_Records_

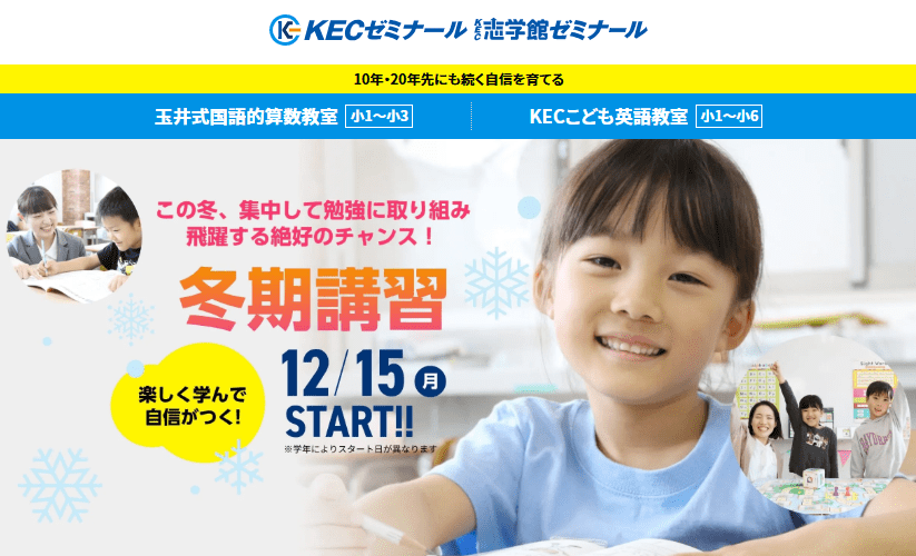 12/15(月)スタートこの冬、集中して勉強に取り組み飛躍する絶好のチャンス!◆玉井式国語的算数教室対象:小学1年生~3年生将来につながる第一歩はKECから…
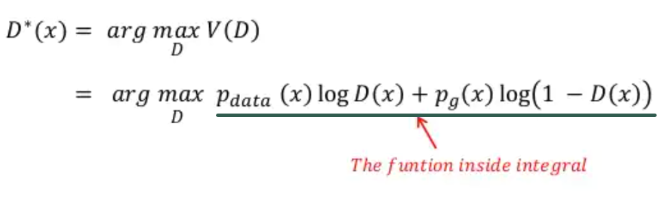 \(D^{*}(x)=\frac{P_{data}(x)}{P_{data}(x)+P_{g}(x)}\)
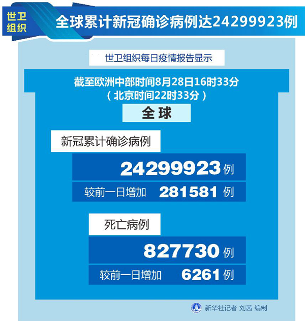 世衛組織網站最新數據顯示,截至歐洲中部時間28日16時33分(北京時間22時33分),全球確診病例較前一日增加281581例,達到24299923例;死亡病例增加6261例,達到827730例。
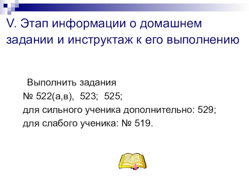 Слайд 10V. Этап информации о домашнем задании и инструктаж к его выполнению
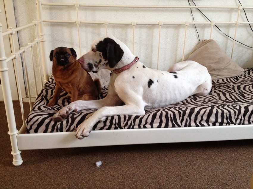 Ik heb geen foto van Bentley met een pup. Maar wel hem als pup met een andere stabij!
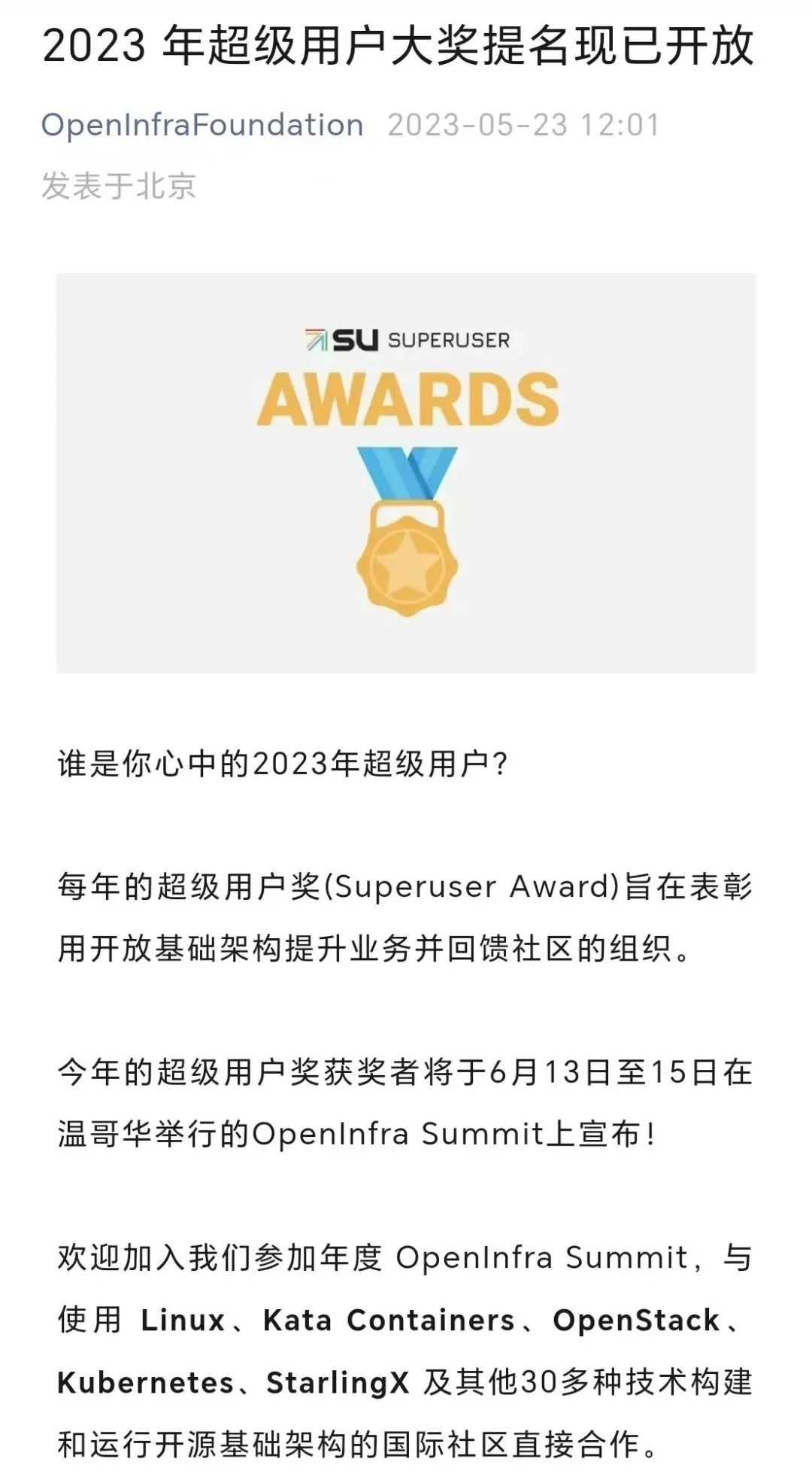 超級(jí)用戶大獎(jiǎng)由OpenInfra基金會(huì)2014年在巴黎峰會(huì)首次頒發(fā),旨在表彰在激烈的競(jìng)爭(zhēng)中采用開源基礎(chǔ)設(shè)施技術(shù)脫穎而出,顯著改進(jìn)業(yè)務(wù)并實(shí)現(xiàn)差異化競(jìng)爭(zhēng)優(yōu)勢(shì),積極回饋開源社區(qū)的團(tuán)隊(duì)組織。在業(yè)界,超級(jí)用戶大獎(jiǎng)是備受全球關(guān)注的重量級(jí)評(píng)選,被稱之為云計(jì)算領(lǐng)域的奧斯卡。歷屆超級(jí)用戶大獎(jiǎng)獲得者包括中國(guó)移動(dòng)、雅虎、百度、SK電信、騰訊TStack團(tuán)隊(duì)等。
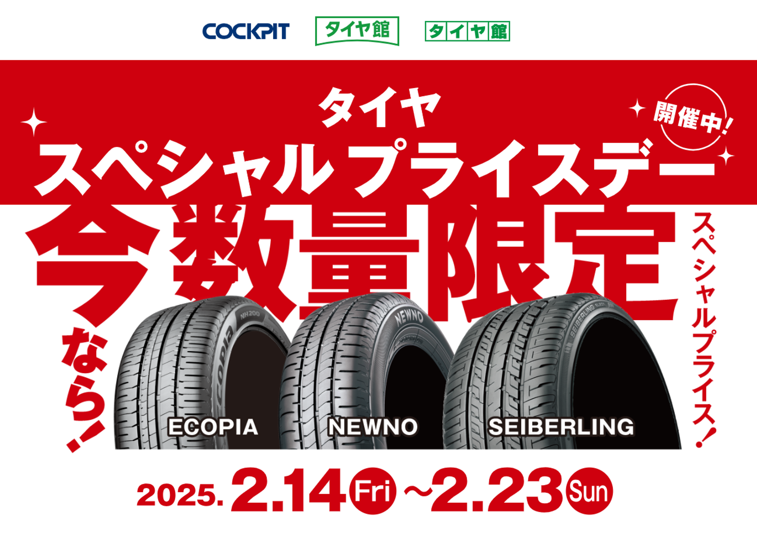 タイヤ・スペシャルプライスデーは、2/14(金)~2/23(日)まで。
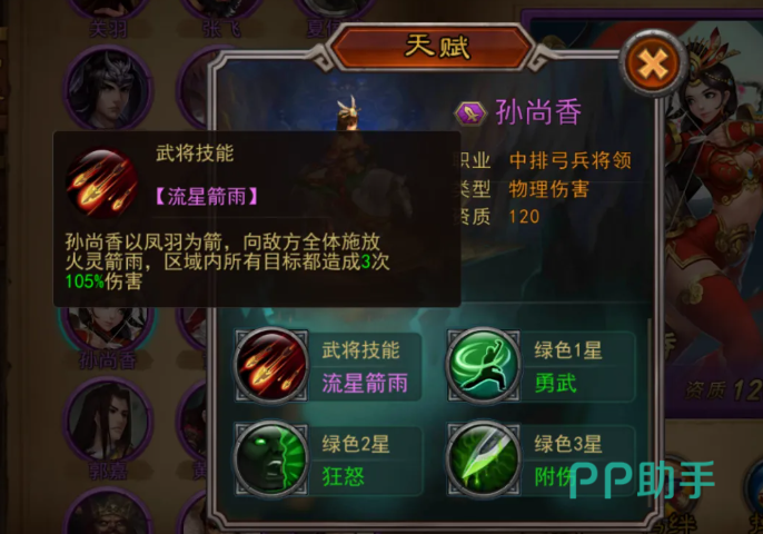 孙尚香承担主力物理输出职能,建议部署于中排。其核心技能“流星剑雨”可对敌方群体发动三次范围打击,每次造成105%攻击力的物理伤害。作为弓兵系将领,她对敌方中后排具有精准压制力,尤其擅长在聚气充足时释放大招,实现爆发式清场。需注意:当己方输出压力增大时,应同步关注敌方核心输出位动向,并确保前排未被快速突破,以维持孙尚香的安全输出环境。
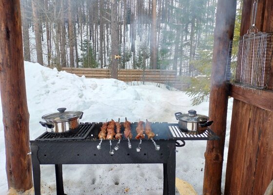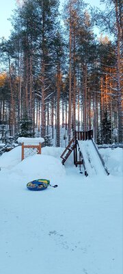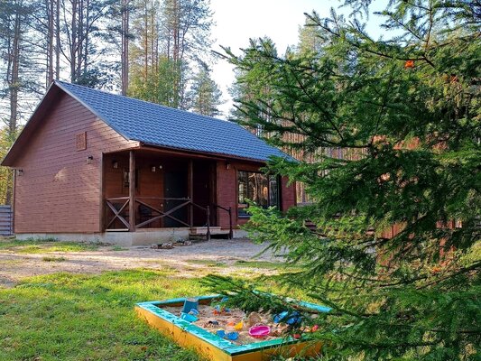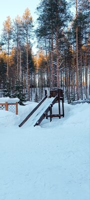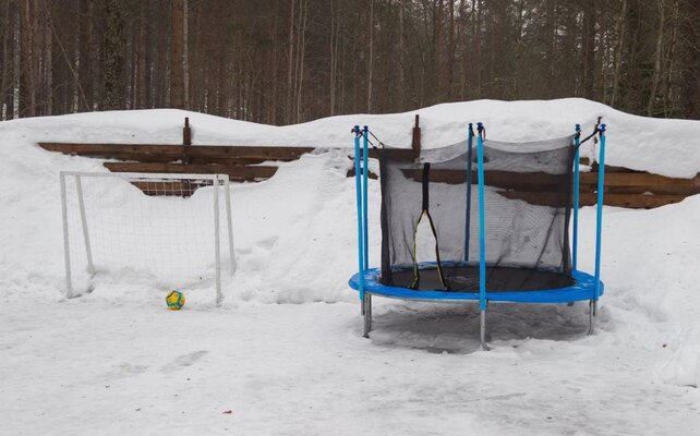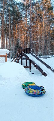 Для детей оборудована песочница, батут, футбольные ворота, бадминтон и горка с ватрушками, которая порадует как маленьких гостей, так и взрослых. Гости могут взять напрокат велосипеды.
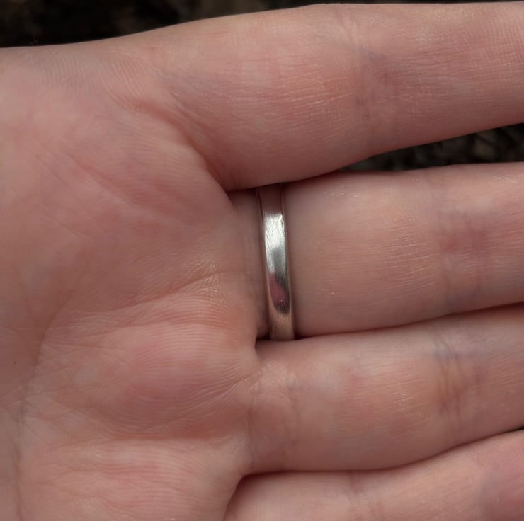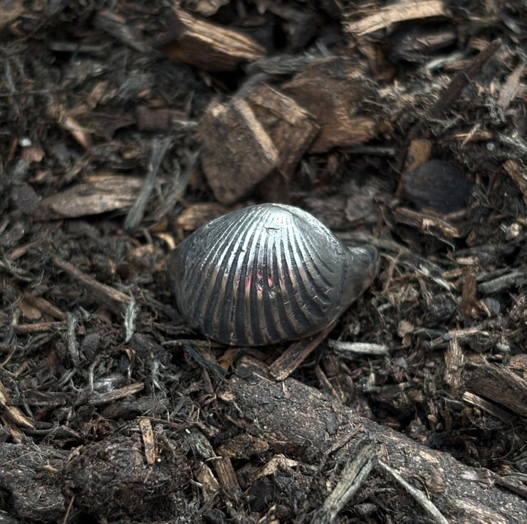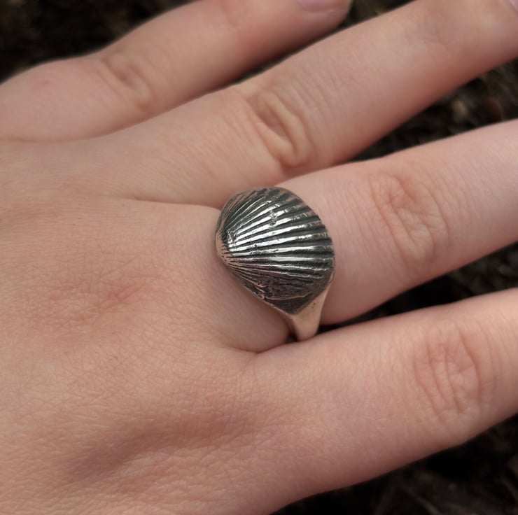 A solid silver signet ring featuring a seashell found on a beach locally. This ring sits quite high off the finger.
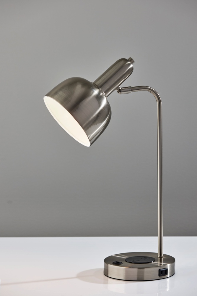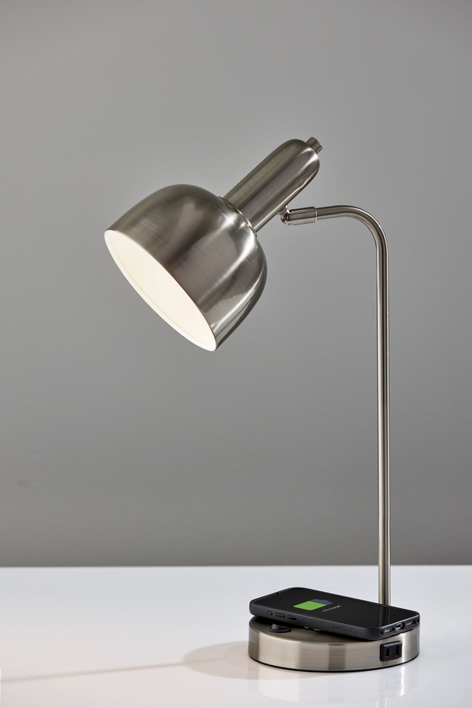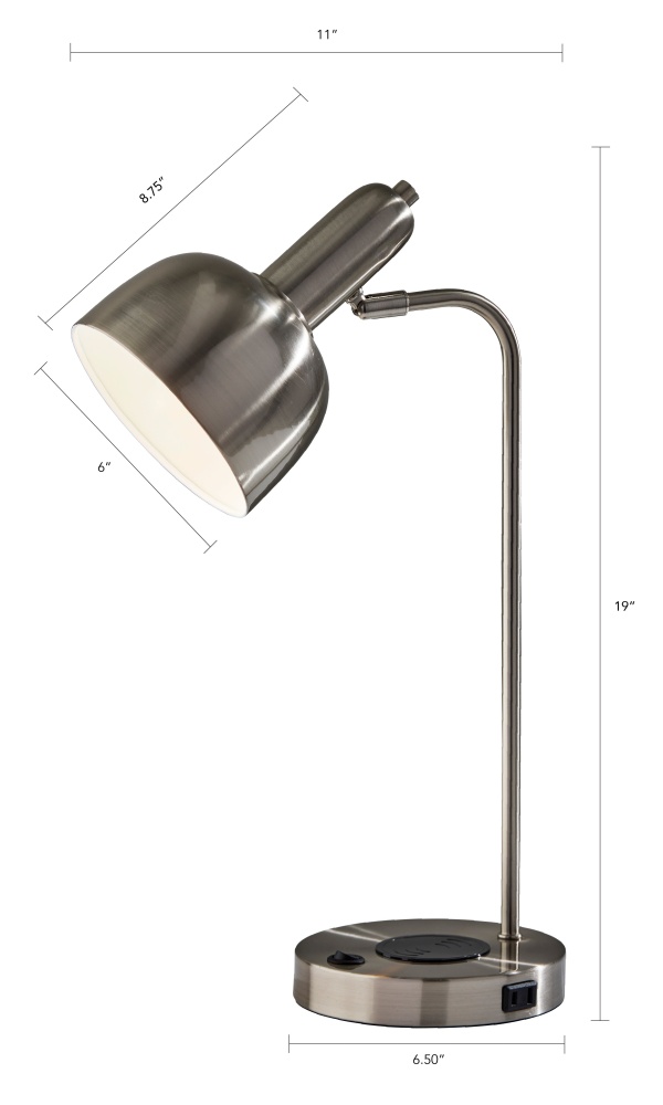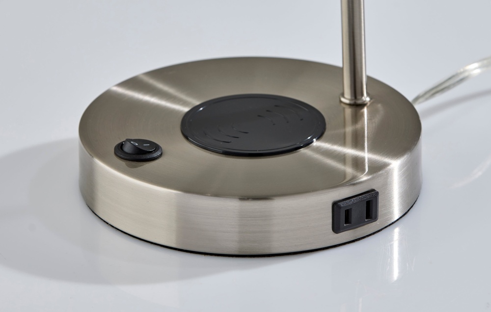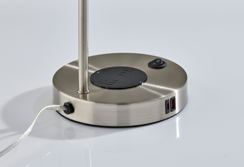 The Rico Supercharger Desk Lamp is where sleek design meets smart functionality. Available in antique brass or brushed steel finishes, this 19" desk lamp features an adjustable shade and a clean, modern profile that enhances any workspace. Designed for today’s tech-driven lifestyle, the base includes a 2 amp USB-A port, a 2 amp USB-C port, an AC outlet, and a built-in 10W Qi wireless charging pad—making it a powerful hub for your daily essentials. The on/off rocker switch on the base ensures easy operation, blending convenience with contemporary style.
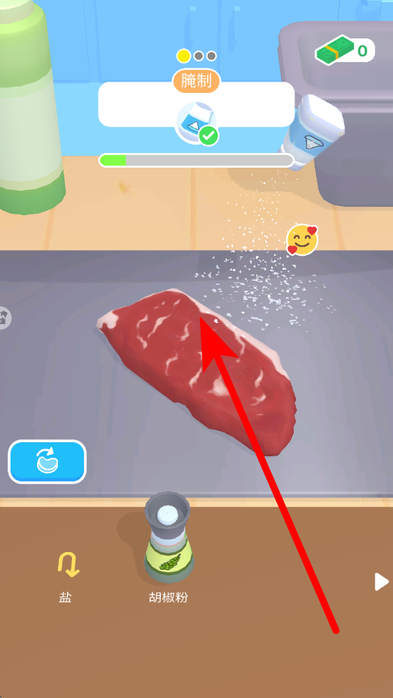 2、進(jìn)入食材處理的環(huán)節(jié),可以對(duì)食材牛排進(jìn)行腌制,根據(jù)提示添加調(diào)料鹽、胡椒粉等,讓食材更加具風(fēng)味,為烹飪打下基礎(chǔ)。
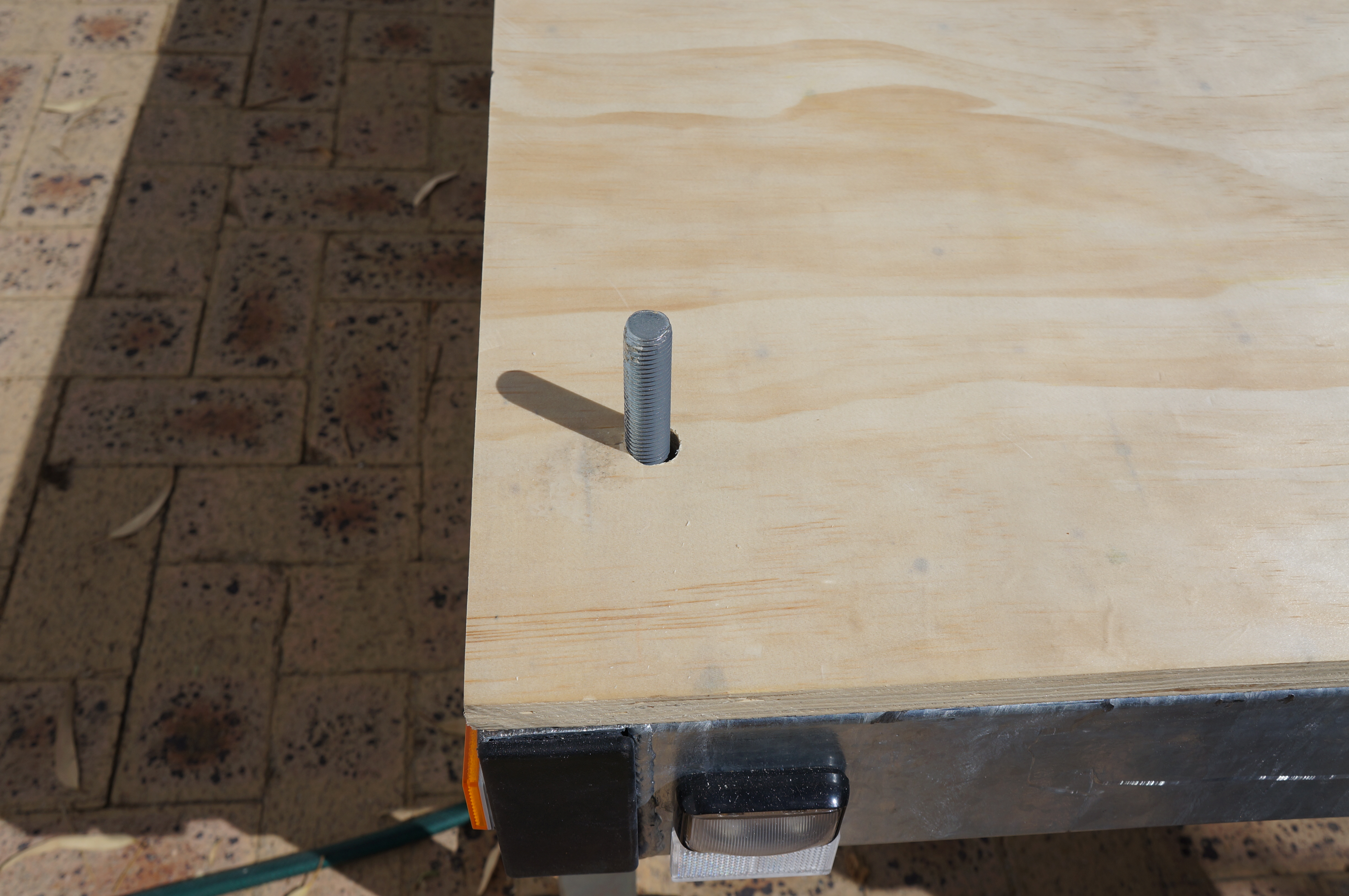 - Threaded studs that are welded to the trailer that stick through the bottoms of the walls and are then fitted with large washers and nuts and tightened

_Exercise instructions_
Drop the pictures, then transcribe the lines from the one containing "The Rico Supercharger" to the end of the data above, exactly and nothing more.

_Solution_
 The Rico Supercharger Desk Lamp is where sleek design meets smart functionality. Available in antique brass or brushed steel finishes, this 19" desk lamp features an adjustable shade and a clean, modern profile that enhances any workspace. Designed for today’s tech-driven lifestyle, the base includes a 2 amp USB-A port, a 2 amp USB-C port, an AC outlet, and a built-in 10W Qi wireless charging pad—making it a powerful hub for your daily essentials. The on/off rocker switch on the base ensures easy operation, blending convenience with contemporary style.
 2、進(jìn)入食材處理的環(huán)節(jié),可以對(duì)食材牛排進(jìn)行腌制,根據(jù)提示添加調(diào)料鹽、胡椒粉等,讓食材更加具風(fēng)味,為烹飪打下基礎(chǔ)。
 - Threaded studs that are welded to the trailer that stick through the bottoms of the walls and are then fitted with large washers and nuts and tightened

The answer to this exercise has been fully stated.